■ Stored data ■
"""

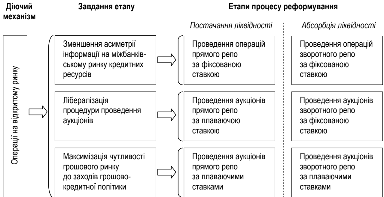
Рис. 3. Основи комунікаційної політики та її процедурні елементи з організації операцій на відкритому ринку в умовах інформаційної асиметричності грошового ринку

У рамках запропонованих автором підходів до реформування параметрів системи обов'язкового резервування робиться наголос на тому, що завданням першого етапу є реструктуризація міжбанківських кредитів за строками на користь однодобових, що може бути досягнуто через зменшення часового лагу між початком періодів нарахування та дотримання резервних вимог (застосування напівлагової системи). Це сприятиме: 1) актуалізації проблеми виконання резервних вимог; 2) збільшенню дисциплінованості комерційних банків; 3) підвищенню залежності банків від рефінансування.
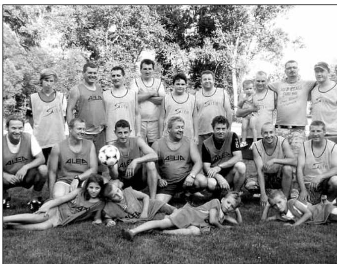
3. 8. Turnaj ve stolním tenise nadchl účastníky všech věkových kategorií

"""

Please ensure that the data above is repeated exactly, with no pictures in the copy.

Рис. 3. Основи комунікаційної політики та її процедурні елементи з організації операцій на відкритому ринку в умовах інформаційної асиметричності грошового ринку

У рамках запропонованих автором підходів до реформування параметрів системи обов'язкового резервування робиться наголос на тому, що завданням першого етапу є реструктуризація міжбанківських кредитів за строками на користь однодобових, що може бути досягнуто через зменшення часового лагу між початком періодів нарахування та дотримання резервних вимог (застосування напівлагової системи). Це сприятиме: 1) актуалізації проблеми виконання резервних вимог; 2) збільшенню дисциплінованості комерційних банків; 3) підвищенню залежності банків від рефінансування.
3. 8. Turnaj ve stolním tenise nadchl účastníky všech věkových kategorií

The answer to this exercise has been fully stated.